(Data supplied)
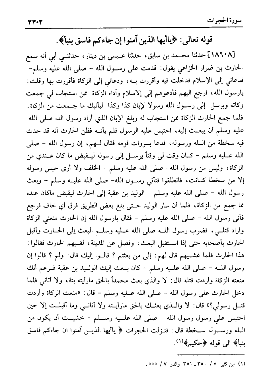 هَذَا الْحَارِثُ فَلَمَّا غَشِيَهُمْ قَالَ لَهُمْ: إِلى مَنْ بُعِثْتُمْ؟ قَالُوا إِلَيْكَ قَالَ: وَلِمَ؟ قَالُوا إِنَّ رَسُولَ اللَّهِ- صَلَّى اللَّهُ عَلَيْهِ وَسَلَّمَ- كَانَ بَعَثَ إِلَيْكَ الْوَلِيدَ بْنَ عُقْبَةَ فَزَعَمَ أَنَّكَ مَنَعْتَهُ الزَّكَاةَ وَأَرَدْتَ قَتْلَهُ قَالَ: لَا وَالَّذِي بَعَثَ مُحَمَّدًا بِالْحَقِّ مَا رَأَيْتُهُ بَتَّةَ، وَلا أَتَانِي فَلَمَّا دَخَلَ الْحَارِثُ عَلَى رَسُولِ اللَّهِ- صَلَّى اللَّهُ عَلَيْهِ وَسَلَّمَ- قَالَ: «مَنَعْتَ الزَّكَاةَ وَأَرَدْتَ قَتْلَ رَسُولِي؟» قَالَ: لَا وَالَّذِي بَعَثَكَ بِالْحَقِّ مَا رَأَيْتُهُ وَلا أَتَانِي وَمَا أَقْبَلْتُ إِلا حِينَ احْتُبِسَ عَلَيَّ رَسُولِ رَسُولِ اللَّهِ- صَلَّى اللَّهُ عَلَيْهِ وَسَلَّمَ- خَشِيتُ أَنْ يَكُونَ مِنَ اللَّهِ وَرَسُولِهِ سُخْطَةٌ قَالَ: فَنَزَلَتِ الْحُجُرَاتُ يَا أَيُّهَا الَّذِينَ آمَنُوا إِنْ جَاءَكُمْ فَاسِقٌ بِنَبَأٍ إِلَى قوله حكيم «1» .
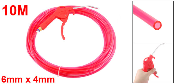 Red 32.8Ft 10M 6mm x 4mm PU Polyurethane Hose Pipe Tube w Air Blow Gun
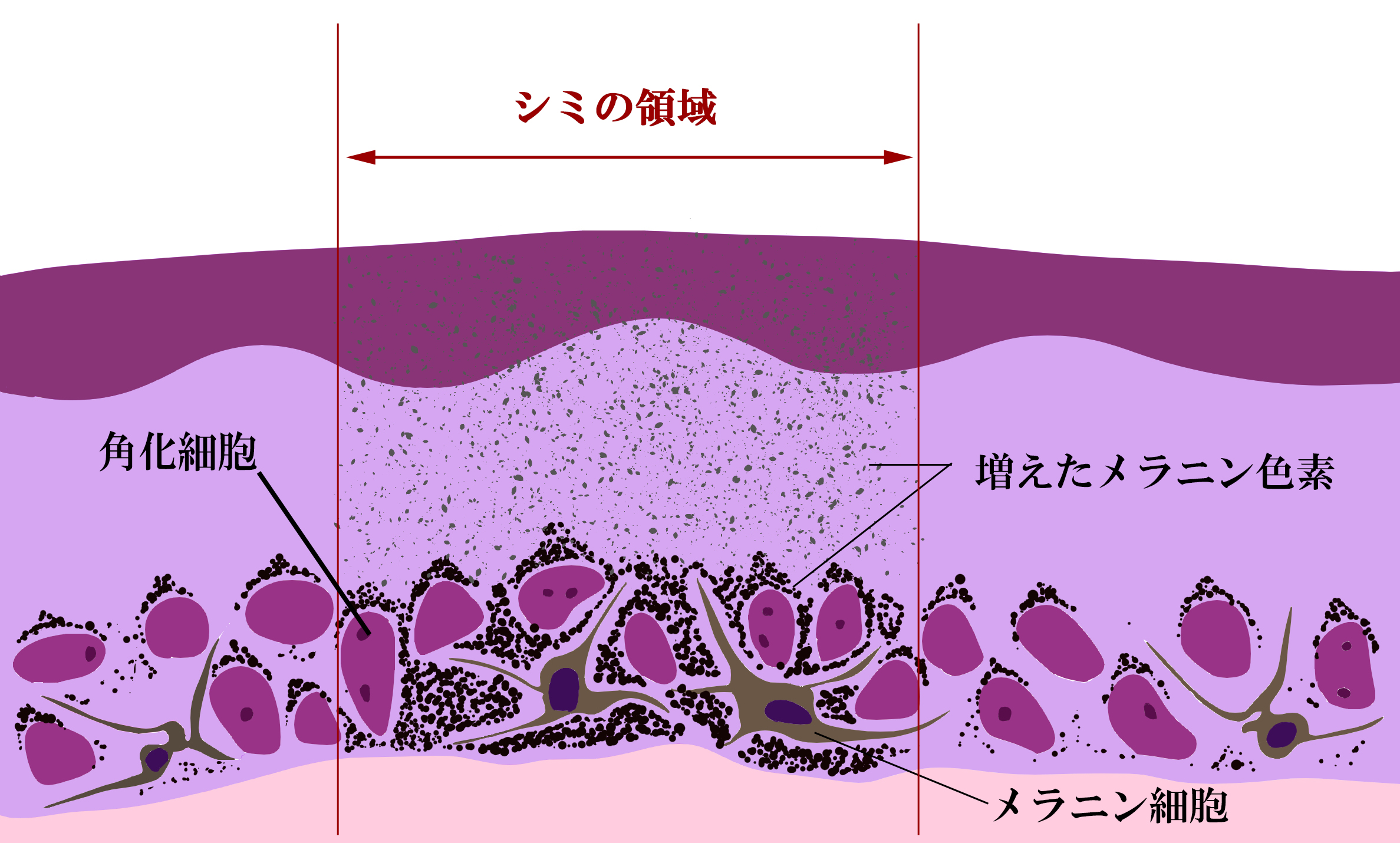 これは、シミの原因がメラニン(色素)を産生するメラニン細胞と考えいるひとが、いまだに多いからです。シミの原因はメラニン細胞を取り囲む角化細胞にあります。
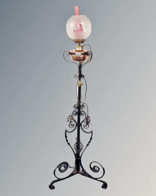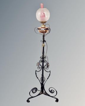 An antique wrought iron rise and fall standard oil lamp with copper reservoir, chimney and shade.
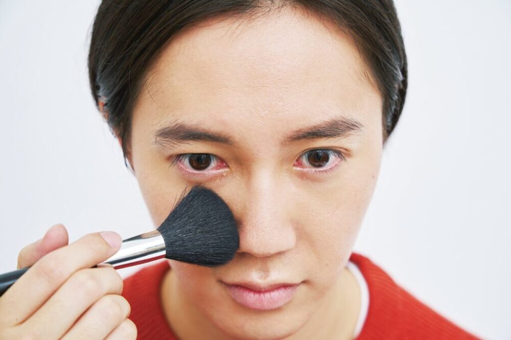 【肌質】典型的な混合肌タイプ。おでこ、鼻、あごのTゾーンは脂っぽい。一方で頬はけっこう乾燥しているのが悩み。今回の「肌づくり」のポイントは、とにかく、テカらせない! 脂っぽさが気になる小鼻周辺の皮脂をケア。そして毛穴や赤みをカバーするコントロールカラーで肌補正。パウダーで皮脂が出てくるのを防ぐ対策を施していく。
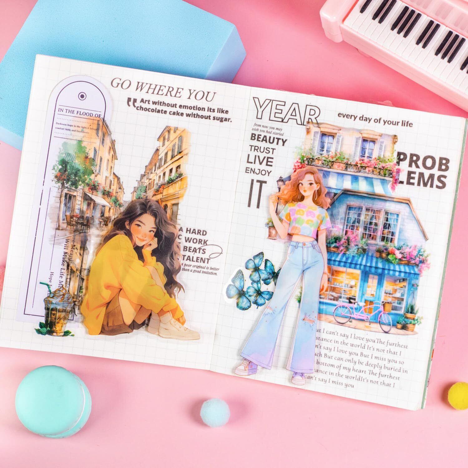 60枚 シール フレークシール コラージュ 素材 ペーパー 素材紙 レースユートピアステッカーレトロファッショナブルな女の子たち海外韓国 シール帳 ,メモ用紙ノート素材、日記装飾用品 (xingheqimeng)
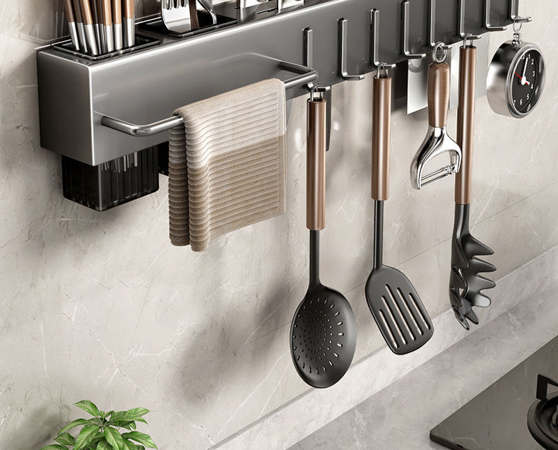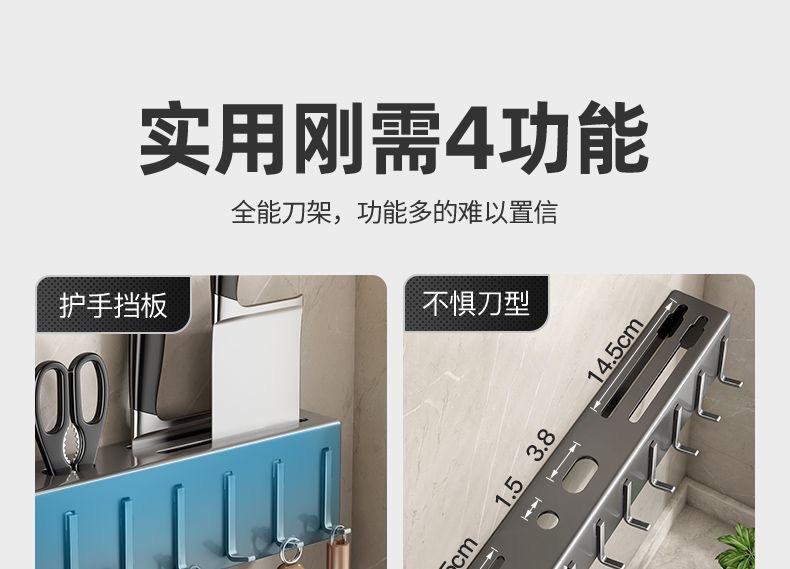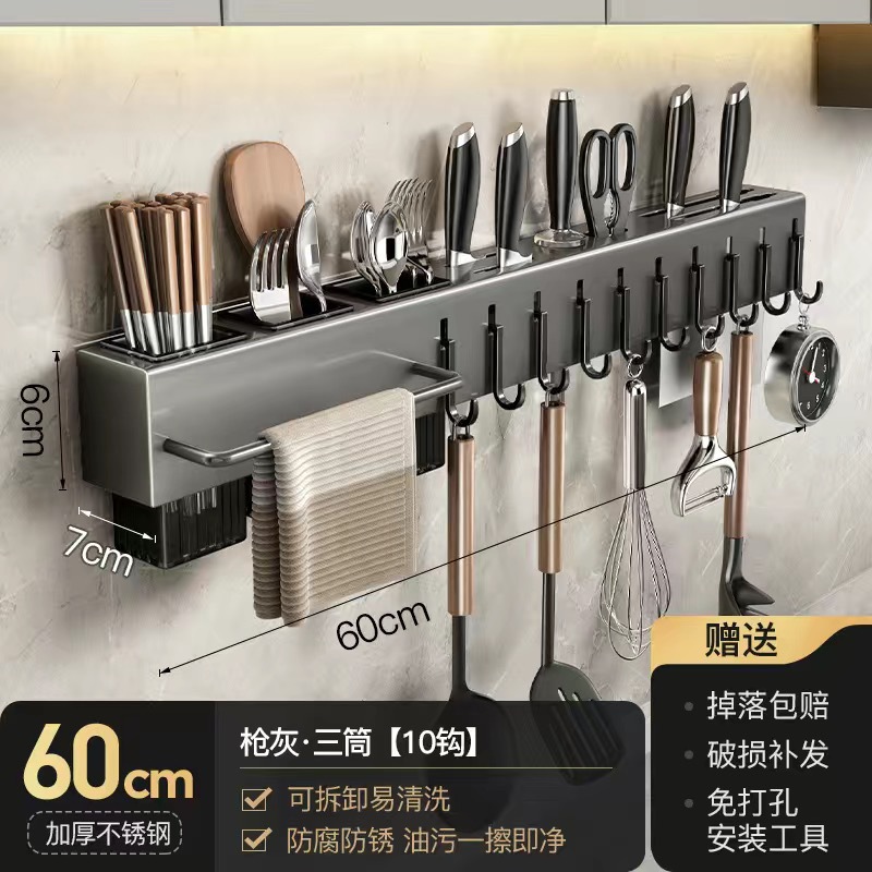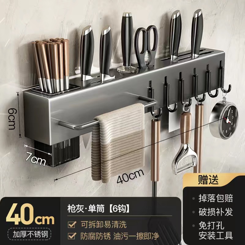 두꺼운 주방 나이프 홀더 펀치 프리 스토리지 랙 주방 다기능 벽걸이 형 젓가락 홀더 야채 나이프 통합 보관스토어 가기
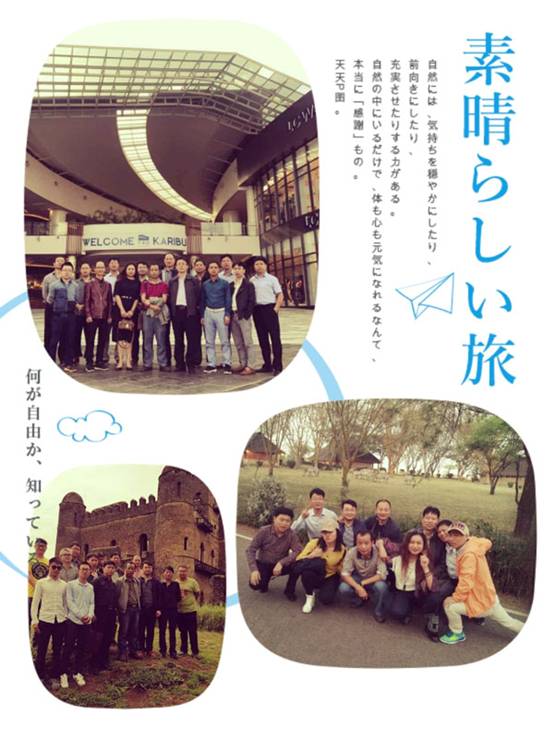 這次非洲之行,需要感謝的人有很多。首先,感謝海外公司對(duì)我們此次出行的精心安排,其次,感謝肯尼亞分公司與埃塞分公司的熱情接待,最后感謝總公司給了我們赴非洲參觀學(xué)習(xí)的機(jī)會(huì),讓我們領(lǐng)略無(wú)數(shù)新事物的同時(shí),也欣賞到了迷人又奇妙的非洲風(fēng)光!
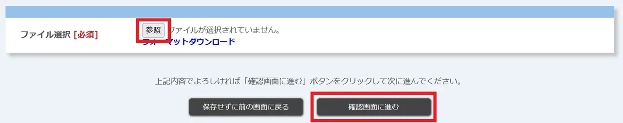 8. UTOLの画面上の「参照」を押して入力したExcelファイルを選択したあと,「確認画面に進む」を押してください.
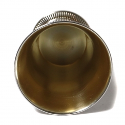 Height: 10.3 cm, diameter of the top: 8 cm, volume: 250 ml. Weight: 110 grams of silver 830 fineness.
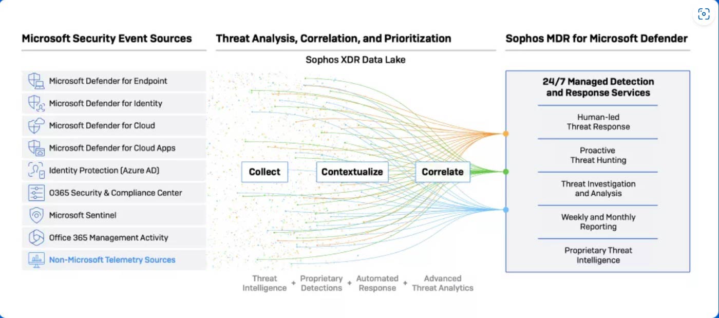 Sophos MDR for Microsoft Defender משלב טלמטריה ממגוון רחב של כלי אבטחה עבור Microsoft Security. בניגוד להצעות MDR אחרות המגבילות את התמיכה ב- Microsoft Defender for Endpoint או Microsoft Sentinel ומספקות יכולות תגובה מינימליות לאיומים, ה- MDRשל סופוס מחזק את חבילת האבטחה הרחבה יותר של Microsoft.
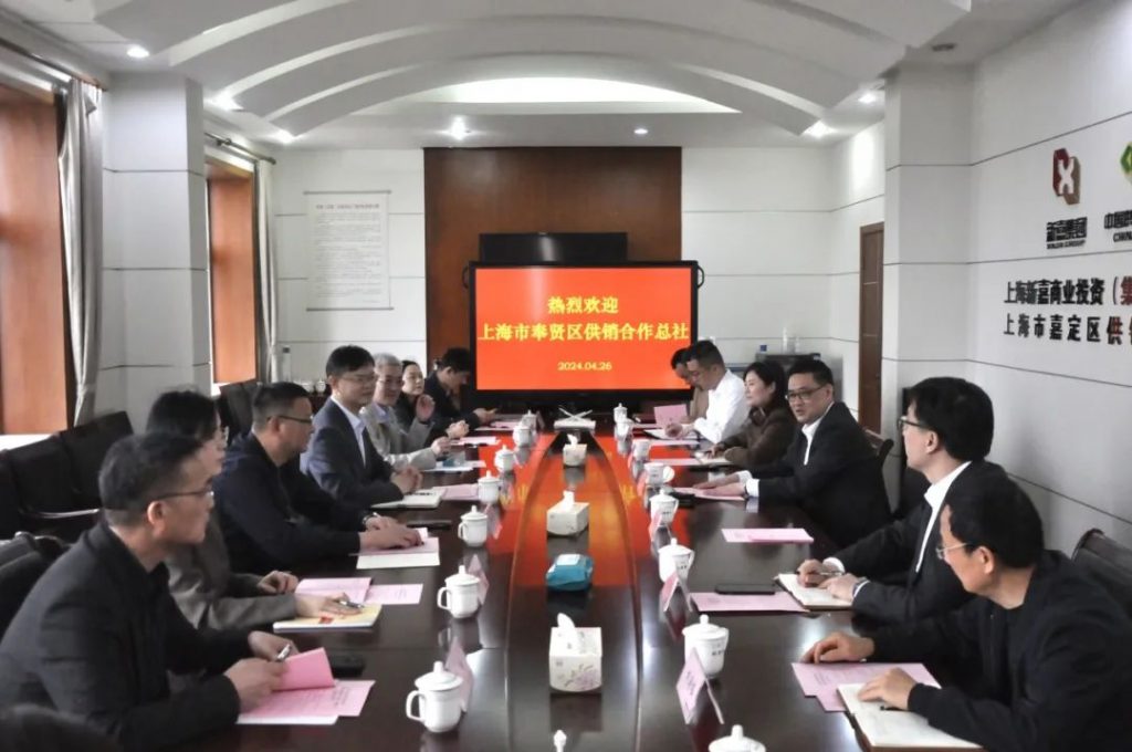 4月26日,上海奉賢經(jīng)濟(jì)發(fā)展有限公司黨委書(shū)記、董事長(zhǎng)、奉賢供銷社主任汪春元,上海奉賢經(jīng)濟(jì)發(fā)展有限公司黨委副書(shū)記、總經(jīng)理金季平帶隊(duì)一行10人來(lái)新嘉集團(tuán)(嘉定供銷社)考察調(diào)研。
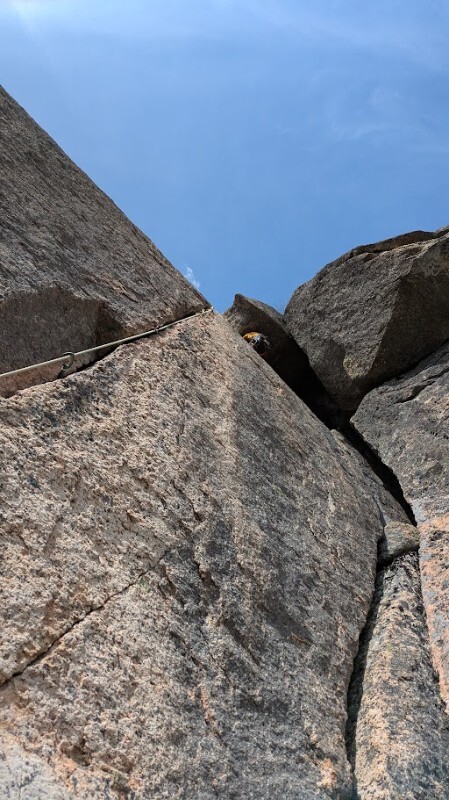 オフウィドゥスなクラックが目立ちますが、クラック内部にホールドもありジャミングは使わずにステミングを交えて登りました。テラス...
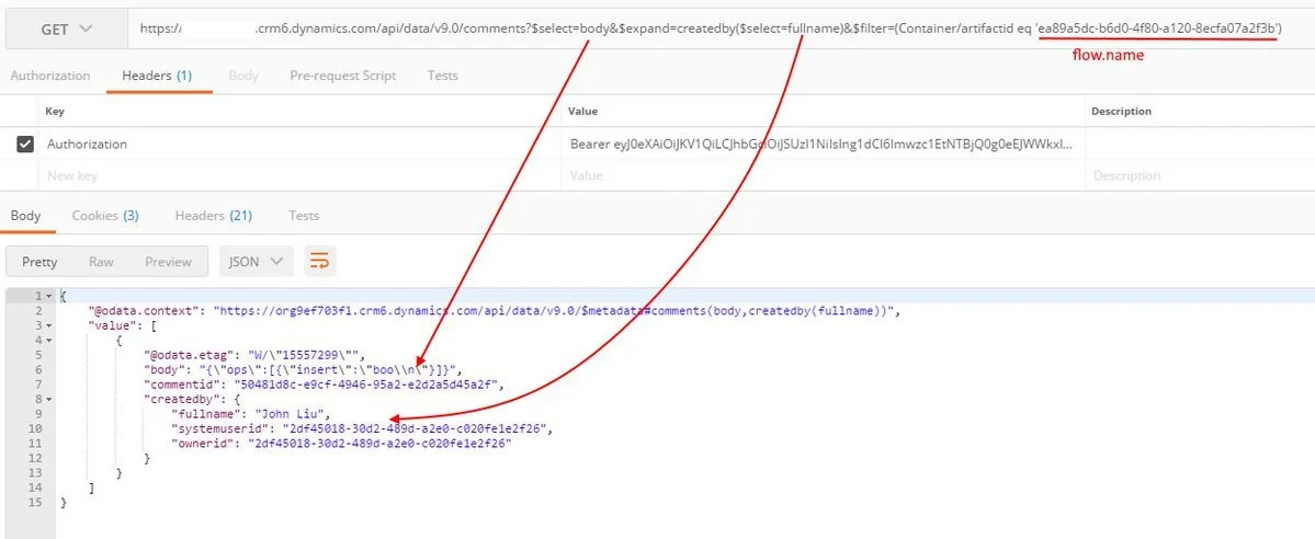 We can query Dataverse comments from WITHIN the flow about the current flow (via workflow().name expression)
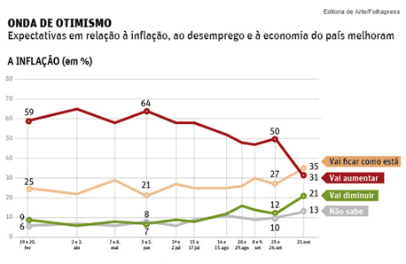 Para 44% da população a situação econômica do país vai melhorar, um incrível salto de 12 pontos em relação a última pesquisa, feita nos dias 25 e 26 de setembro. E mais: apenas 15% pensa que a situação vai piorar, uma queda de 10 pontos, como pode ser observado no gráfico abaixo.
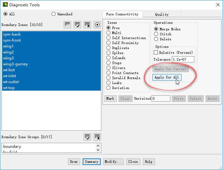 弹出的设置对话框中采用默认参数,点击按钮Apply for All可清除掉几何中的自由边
(End Data supplied)
Please give the data above again in exact form and omit every picture.

 هَذَا الْحَارِثُ فَلَمَّا غَشِيَهُمْ قَالَ لَهُمْ: إِلى مَنْ بُعِثْتُمْ؟ قَالُوا إِلَيْكَ قَالَ: وَلِمَ؟ قَالُوا إِنَّ رَسُولَ اللَّهِ- صَلَّى اللَّهُ عَلَيْهِ وَسَلَّمَ- كَانَ بَعَثَ إِلَيْكَ الْوَلِيدَ بْنَ عُقْبَةَ فَزَعَمَ أَنَّكَ مَنَعْتَهُ الزَّكَاةَ وَأَرَدْتَ قَتْلَهُ قَالَ: لَا وَالَّذِي بَعَثَ مُحَمَّدًا بِالْحَقِّ مَا رَأَيْتُهُ بَتَّةَ، وَلا أَتَانِي فَلَمَّا دَخَلَ الْحَارِثُ عَلَى رَسُولِ اللَّهِ- صَلَّى اللَّهُ عَلَيْهِ وَسَلَّمَ- قَالَ: «مَنَعْتَ الزَّكَاةَ وَأَرَدْتَ قَتْلَ رَسُولِي؟» قَالَ: لَا وَالَّذِي بَعَثَكَ بِالْحَقِّ مَا رَأَيْتُهُ وَلا أَتَانِي وَمَا أَقْبَلْتُ إِلا حِينَ احْتُبِسَ عَلَيَّ رَسُولِ رَسُولِ اللَّهِ- صَلَّى اللَّهُ عَلَيْهِ وَسَلَّمَ- خَشِيتُ أَنْ يَكُونَ مِنَ اللَّهِ وَرَسُولِهِ سُخْطَةٌ قَالَ: فَنَزَلَتِ الْحُجُرَاتُ يَا أَيُّهَا الَّذِينَ آمَنُوا إِنْ جَاءَكُمْ فَاسِقٌ بِنَبَأٍ إِلَى قوله حكيم «1» .
 Red 32.8Ft 10M 6mm x 4mm PU Polyurethane Hose Pipe Tube w Air Blow Gun
 これは、シミの原因がメラニン(色素)を産生するメラニン細胞と考えいるひとが、いまだに多いからです。シミの原因はメラニン細胞を取り囲む角化細胞にあります。
 An antique wrought iron rise and fall standard oil lamp with copper reservoir, chimney and shade.
 【肌質】典型的な混合肌タイプ。おでこ、鼻、あごのTゾーンは脂っぽい。一方で頬はけっこう乾燥しているのが悩み。今回の「肌づくり」のポイントは、とにかく、テカらせない! 脂っぽさが気になる小鼻周辺の皮脂をケア。そして毛穴や赤みをカバーするコントロールカラーで肌補正。パウダーで皮脂が出てくるのを防ぐ対策を施していく。
 60枚 シール フレークシール コラージュ 素材 ペーパー 素材紙 レースユートピアステッカーレトロファッショナブルな女の子たち海外韓国 シール帳 ,メモ用紙ノート素材、日記装飾用品 (xingheqimeng)
 두꺼운 주방 나이프 홀더 펀치 프리 스토리지 랙 주방 다기능 벽걸이 형 젓가락 홀더 야채 나이프 통합 보관스토어 가기
 這次非洲之行,需要感謝的人有很多。首先,感謝海外公司對(duì)我們此次出行的精心安排,其次,感謝肯尼亞分公司與埃塞分公司的熱情接待,最后感謝總公司給了我們赴非洲參觀學(xué)習(xí)的機(jī)會(huì),讓我們領(lǐng)略無(wú)數(shù)新事物的同時(shí),也欣賞到了迷人又奇妙的非洲風(fēng)光!
 8. UTOLの画面上の「参照」を押して入力したExcelファイルを選択したあと,「確認画面に進む」を押してください.
 Height: 10.3 cm, diameter of the top: 8 cm, volume: 250 ml. Weight: 110 grams of silver 830 fineness.
 Sophos MDR for Microsoft Defender משלב טלמטריה ממגוון רחב של כלי אבטחה עבור Microsoft Security. בניגוד להצעות MDR אחרות המגבילות את התמיכה ב- Microsoft Defender for Endpoint או Microsoft Sentinel ומספקות יכולות תגובה מינימליות לאיומים, ה- MDRשל סופוס מחזק את חבילת האבטחה הרחבה יותר של Microsoft.
 4月26日,上海奉賢經(jīng)濟(jì)發(fā)展有限公司黨委書(shū)記、董事長(zhǎng)、奉賢供銷社主任汪春元,上海奉賢經(jīng)濟(jì)發(fā)展有限公司黨委副書(shū)記、總經(jīng)理金季平帶隊(duì)一行10人來(lái)新嘉集團(tuán)(嘉定供銷社)考察調(diào)研。
 オフウィドゥスなクラックが目立ちますが、クラック内部にホールドもありジャミングは使わずにステミングを交えて登りました。テラス...
 We can query Dataverse comments from WITHIN the flow about the current flow (via workflow().name expression)
 Para 44% da população a situação econômica do país vai melhorar, um incrível salto de 12 pontos em relação a última pesquisa, feita nos dias 25 e 26 de setembro. E mais: apenas 15% pensa que a situação vai piorar, uma queda de 10 pontos, como pode ser observado no gráfico abaixo.
 弹出的设置对话框中采用默认参数,点击按钮Apply for All可清除掉几何中的自由边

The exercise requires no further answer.